26.   Ms. McCart’s spouse, EM complained to the city about the alley debris on August 16, 2021. EM wrote an undated email statement saying that the city told them that there was an ongoing problem with construction debris near their home and that others have complained. The city’s records show that the city asked Queensborough to clean the site and the sidewalk on August 16, 2021. Further, the city’s records show that it inspected the site on August 20, 2021 and the city noted the roadway had been cleared. Queensborough argues that its compliance with the city’s instructions shows that it appropriately maintained the site.

27.   However, Ms. McCart provided photographs taken August 24, 2021 and August 25, 2021 which still show some debris on the road, including a screw. Based on the photographs I find that the there was still construction debris on the alley surface on August 25, 2021 and that this likely caused Ms. McCart’s second tire puncture.

28.   Based on GR’s opinion that Ms. McCart’s tire damage could not be repaired, I find that her front passenger tire needed to be replaced again as a result of the August 25, 2021 screw puncture.

29.   Ms. McCart provided an August 25, 2021 car dealership invoice for $353.76 to replace the tire. The invoice says that the car dealership gave Ms. McCart a discount because the tire had been recently replaced. Since Queensborough did not provide any evidence showing that the August 25, 2021 invoice was excessive, I find that this replacement charge was reasonable.

30.   Based on the above, I find that Queensborough negligently damaged Ms. McCart’s replacement tire and that it owes her a further $353.76 in damages for the screw puncture.

31.   Ms. McCart did not provide any evidence or submissions explaining the basis for her claim for $575 in unspecified general damages. So, I find this claim for damages to be unproven and I do not grant this relief.

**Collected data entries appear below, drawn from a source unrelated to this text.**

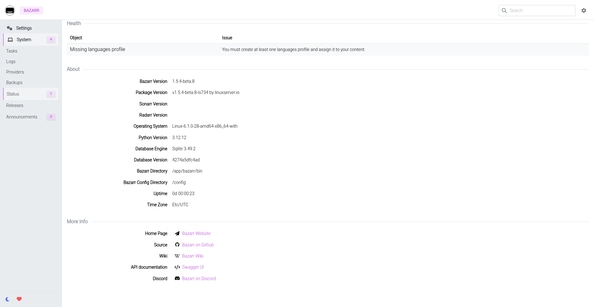 2025-10-16T06:51:36.409223484Z 2025-10-16 06:51:36,408 - waitress (7f607d356b28) : INFO (wasyncore:485) - BAZARR is started and waiting for requests on: http://[::]:6767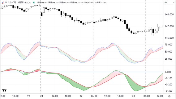 (2) DMA(ずらした移動平均線)「ずらした移動平均(Displaced Moving Average)」は、ディナポリ手法において方向性(トレンド判定)やクロス判断の中核をなす指標です。主に、日足、週足、月足などの長期のタイムフレームで利用されます。 図6 DMA(3) ディナポリ式ストキャスティックス通常のファストKストキャスティクスをベースに、2段階のスムージングを加えたディナポリ特有の構造。クロスの向きやタイミングを重視して、トレンド転換の初動を捉えるサポートを行います。 (4) ディナポリ式MACD一般的なMACDとは異なるオリジナルパラメータと平滑手法により、よりなめらかで先読みしやすいラインを表示。中期的なトレンド把握や、他のインジケーターとのコンビネーションによる方向性確認に役立ちます。 図7 ディナポリ式ストキャスティックス(上)とMACD(下)ディナポリ氏は、両インジケーターを短期トレードのトレンド判定に利用していますが、MACDはストキャスティックスよりも「長期」のトレンド、ストキャスティックスはMACDよりも「短期」のトレンドとして、利用しています。 (5) ダブルレポ(シグナル型戦略インジケーター1)DMA(3×3)の一方向スラスト(=連続した上昇または連続した下落)発生後の反転パターン(2度のDMAクロス)を捉え、逆張りのチャンスを示す戦略インジケーター。 図8 ダブルレポ・パターンラベル1はトレンド発生(ここでは上昇トレンド)を表します。ラベル2は押し、ラベル3は戻り、再度の下落でショート(ラベル売り)。これをDMA(3x3)を利用し判定します。 (6) シングルペネトレーション(シグナル型戦略インジケーター2)DMAを一度だけ抜けた後、フィボナッチの38.2〜61.8%押し/戻りから再反転する動きを狙う戦略。これもディナポリ氏が中核に据える戦略です。 図9 シングルペネトレーション・パターンラベル1はトレンド発生(ここでは上昇トレンド)を表します。これもDMA(3x3)を利用し判定します。ラベル2は押し、ラベル3はフィボナッチ38.2%から61.8%までの押し、再度の上昇でロング(ラベル買い)。 ▼解説動画▼![]() ![]() ![]() ![]() 導入・設定マニュアル全インジケーター、ストラテジーの解説・導入手順・設定方法・活用ポイントを丁寧に解説。 なぜ TradingView なのか?これまで受講者が自分の取引環境で戦略を自由に再現・応用することが難しいという課題がありました。また、使用するチャートソフトや価格データの制約、市場の種類、時間軸の固定などにより、戦略の真価を実感しきれないまま終わってしまうケースも少なくありませんでした。 TradingViewのメリット✅ 導入が簡単:Webブラウザからすぐに利用可能。インストール不要で今すぐ始められます。 書籍で学んだ戦略を、自分の市場・自分のスタイルで動かす。 よくある質問(Q&A)Q:TradingView の有料プランが必要ですか? Q:どのくらいの頻度でツールは追加されますか? Q:Pine Scriptの知識は必要ですか? Q:どのような人におすすめですか?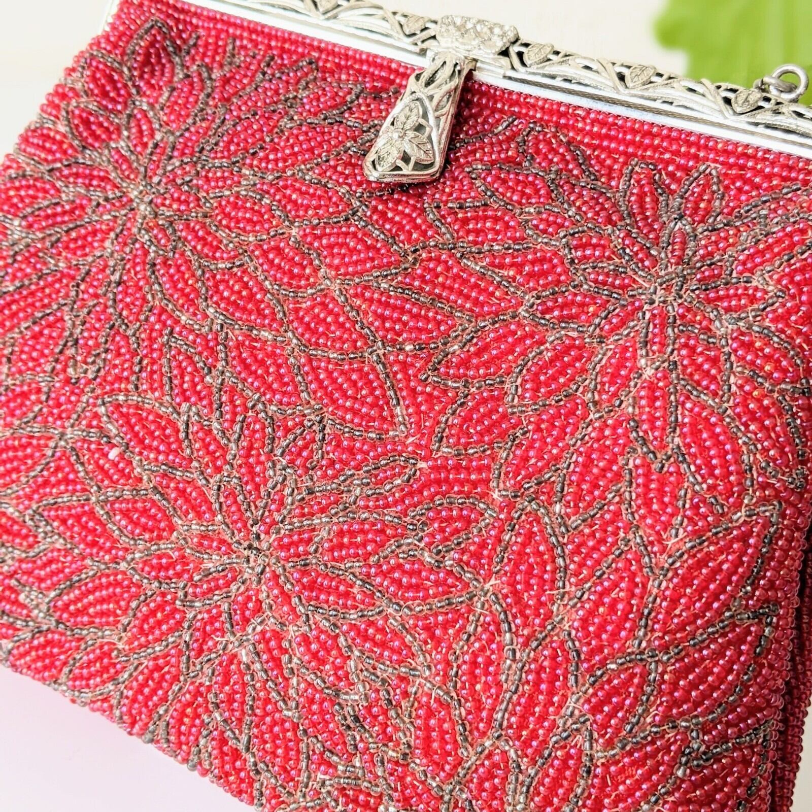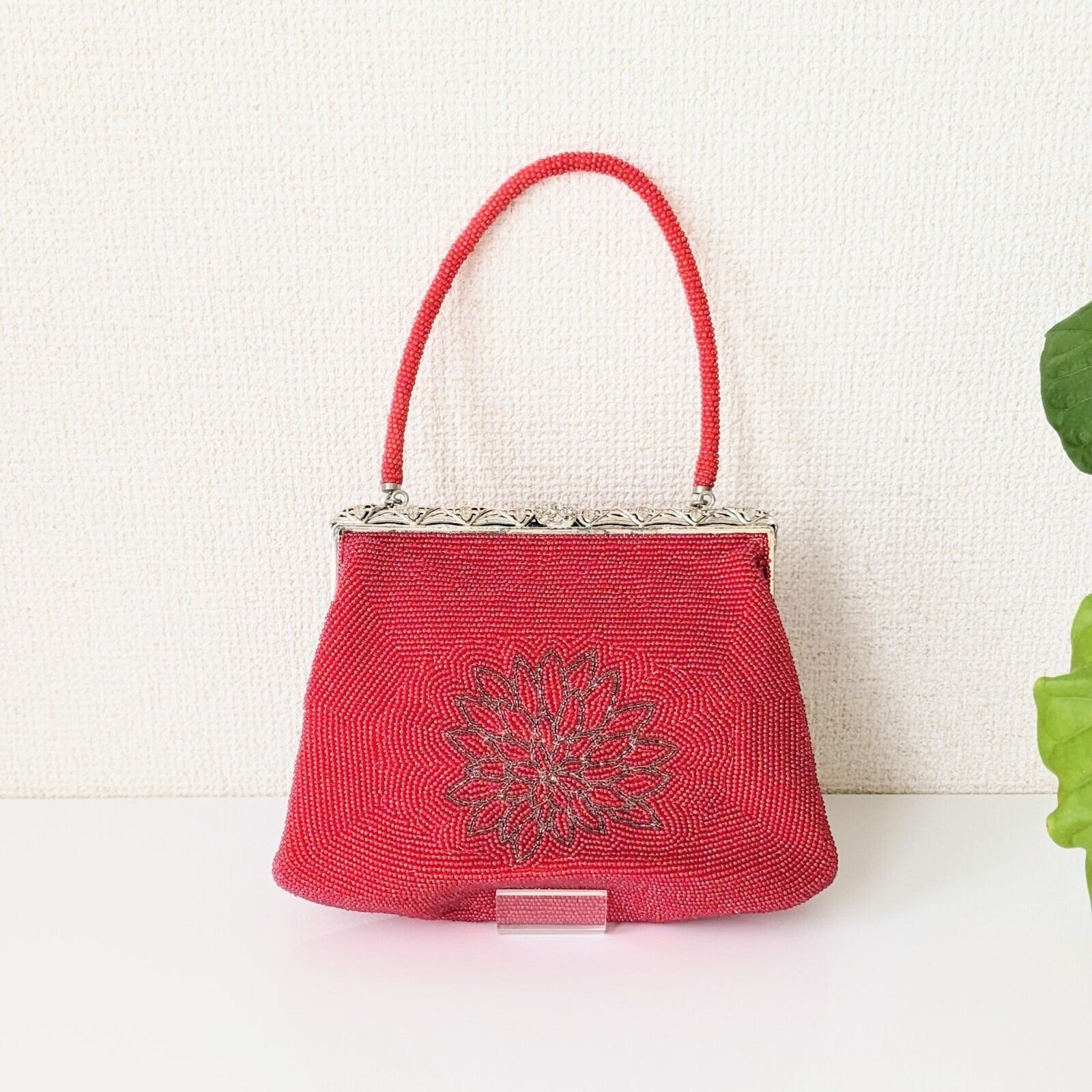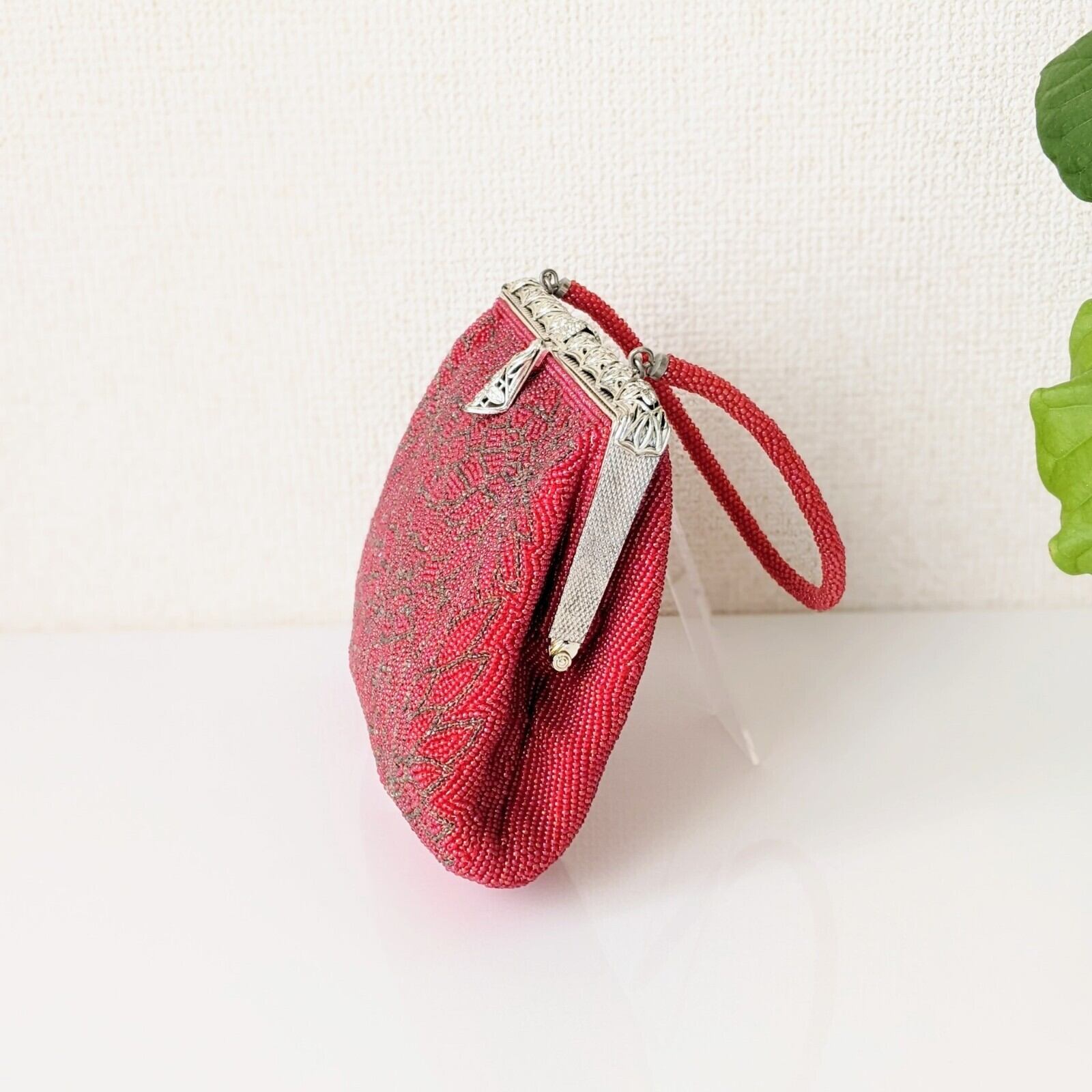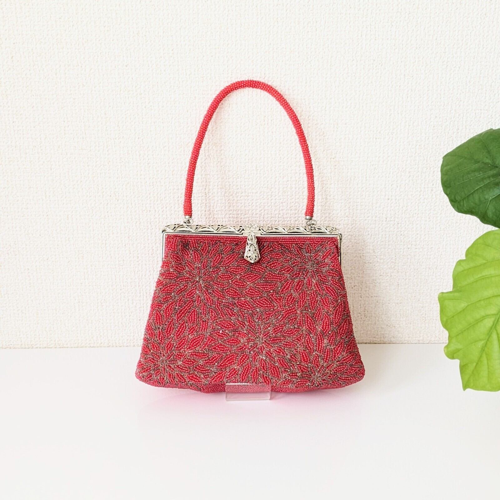 【vintage】ビーズ刺繡バッグ 赤 シルバー 花柄 大正浪漫 昭和レトロ

32.   Based on the above, I find that Queensborough owes Ms. McCart $187.56 for reimbursement of utility charges and $811.22 for tire damage.

CRT fees, expenses and interest

33.   The Court Order Interest Act (COIA) applies to the CRT. Ms. McCart is entitled to pre-judgment interest on the utility invoice from June 4, 2021, the date she paid it. Further, Ms. McCart is entitled to pre-judgment interest on each of the tire replacement invoices from August 16, 2021 and August 25, 2021, the invoice dates. This equals a total of $3.09.

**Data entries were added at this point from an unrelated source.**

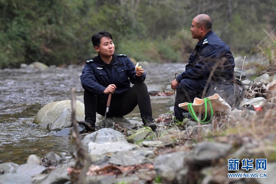 在巡护途中,汤勇(左)和同事在溪流边休息吃干粮(3月17日摄)。新华社记者 彭昭之 摄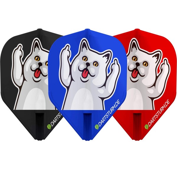 The EZ flights from L-Style are a great alternative to flight systems such as Robson, as you can simply put the finished flight on the shaft and get started right away. There is nothing to build together and you can get started right away. The robust material can withstand a lot and the flight characteristics convince all the way. The L-Style Champagne Flights EZ in "F**k You Cat" design are only available in L1EZ standard shape but in 4 different colour variations. The cool cat in comic style is available both as a mixed set, as well as in pure colours. In the mixed set of the F**k You Cat Flights there is a flight in blue, red and black. These stylish "F**k You Cat" dart flights from L-Style are exclusively available from DartSturm.de.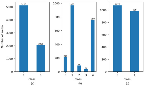 The trained multimodal model is used to predict disaster categories from Weibo posts. Prior to this, it is necessary to undertake preprocessing in order to address the discrepancies between the Weibo data and the training dataset. As illustrated in Figure 4a, the length of Weibo texts is considerably longer than that of the training dataset. The maximum length of the training dataset is approximately 60, yet there are numerous Weibo texts that exceed this length. To mitigate this discrepancy, the Weibo texts were segmented into shorter sentences with punctuation marks with a maximum length of 60. In addition, some Weibo posts contain multiple images, while the multimodal model is unable to process. The distribution of the number of images in Weibo posts is shown in Figure 4b, which depicts 7303 (7303 = 3638 + 958 + 676 + 454 + 98 + 442 + 48 + 51 + 938) multimodal posts and 13,674 unimodal posts. The number of Weibo posts with multiple images (3665 = 7303 − 3638) is approximately equivalent to that of posts with one image (3638), and thus cannot be disregarded. In order to utilize all images, each image in the sample was paired with each text segmentation. Subsequently, a max pooling operation was employed to fuse the aforementioned paired features for the purpose of prediction. Similarly, 200 multimodal Weibo posts were randomly selected and manually classified to serve as the test set. The results for precision, recall, F1-score, and AUC are listed in Table 7. The F1 scores for the three tasks are 0.8713, 0.8796, and 0.7808, with AUC values of 0.9339, 0.9219 and 0.7102, respectively. These results suggest that the classification outcomes accurately represent the multimodal content.
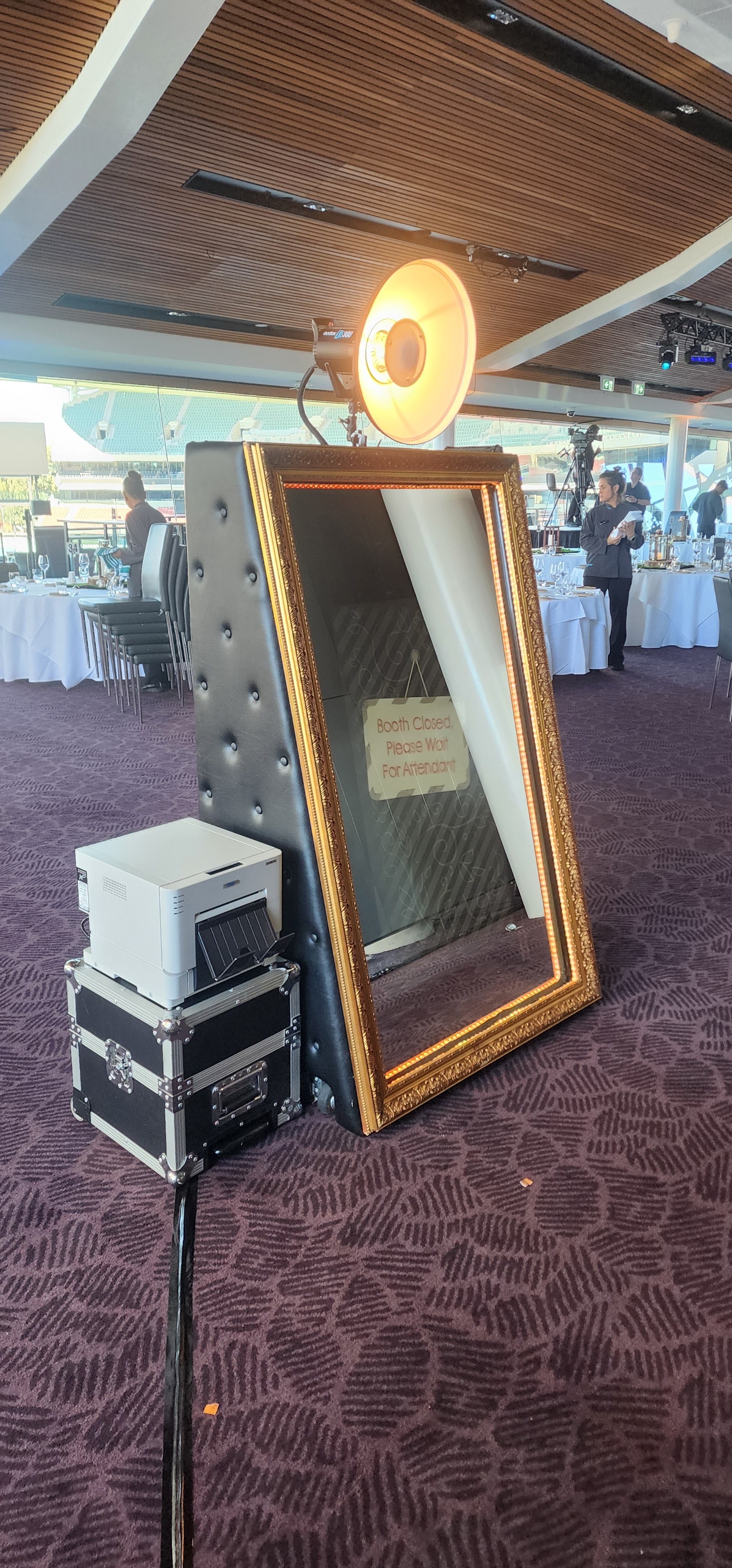 A "magic mirror" experience with a customizable booth in black or white, featuring options for a gloss black, gloss white, rustic gold.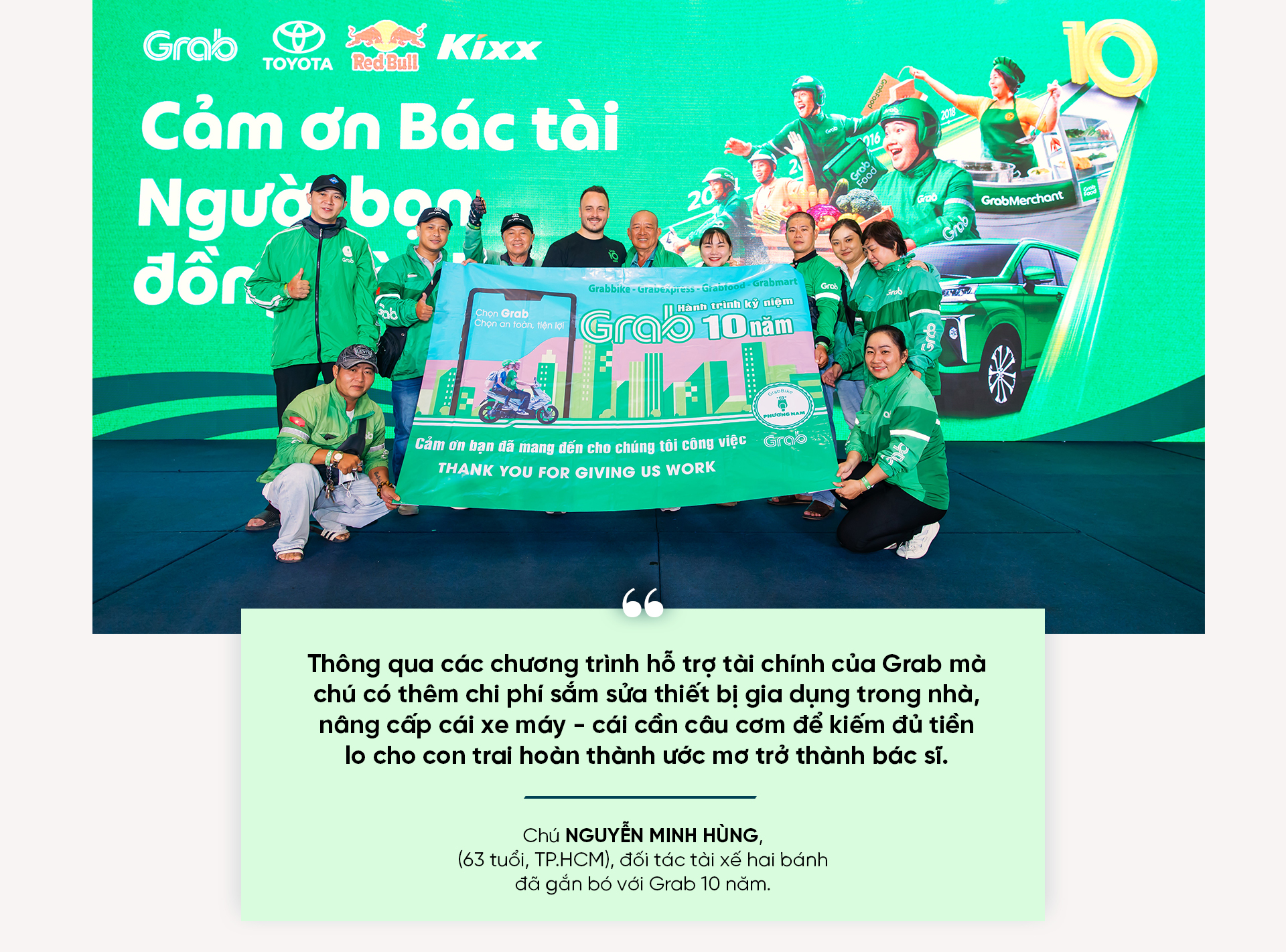 Ngoài đồng hành “trên từng cây số”, Grab đã sát cánh với các đối tác tài xế trong mọi thời điểm. Điển hình phải kể đến chương trình “Chung tay vượt khó” dành riêng cho Đối tác Tài xế tại các khu vực bị ảnh hưởng bởi bão Yagi, hay chương trình “Điều ước sau tay lái” nhằm giúp các bác tài khó khăn thực hiện mong ước của họ. Đặc biệt, Grab đã triển khai chương trình “Nữ đối tác tài xế Grab” với mục đích đào tạo chuyên biệt các chủ đề, nhằm giải quyết các vấn đề phổ biến cho đối tác tài xế nữ.

34.   Under section 49 of the CRTA and CRT rules, the CRT will generally order an unsuccessful party to reimburse a successful party for CRT fees and reasonable dispute-related expenses. I see no reason in this case not to follow that general rule. Since Ms. McCart was partially successful, I find the applicant is entitled to reimbursement of one-half of her CRT fees. This equals $67.50. Neither party claimed reimbursement of dispute-related expenses.

ORDERS

35.   Within 30 days of the date of this order, I order Queensborough to pay Ms. McCart a total of $1,069.37, broken down as follows:

a.    $998.78 in damages,

b.    $3.09 in pre-judgment COIA interest, and

c.    $67.50 in CRT fees.

36.   Ms. McCart is entitled to post-judgment interest, as applicable.

37.   Under section 48 of the CRTA, the CRT will not provide the parties with the Order giving final effect to this decision until the time for making a notice of objection under section 56.1(2) has expired and no notice of objection has been made. The time for filing a notice of objection is 28 days after the party receives notice of the CRT’s final decision.


 

38.   Under section 58.1 of the CRTA, a validated copy of the CRT’s order can be enforced through the Provincial Court of British Columbia. A CRT order can only be enforced if it is an approved consent resolution order, or, if no objection has been made and the time for filing a notice of objection has passed. Once filed, a CRT order has the same force and effect as an order of the Provincial Court of British Columbia.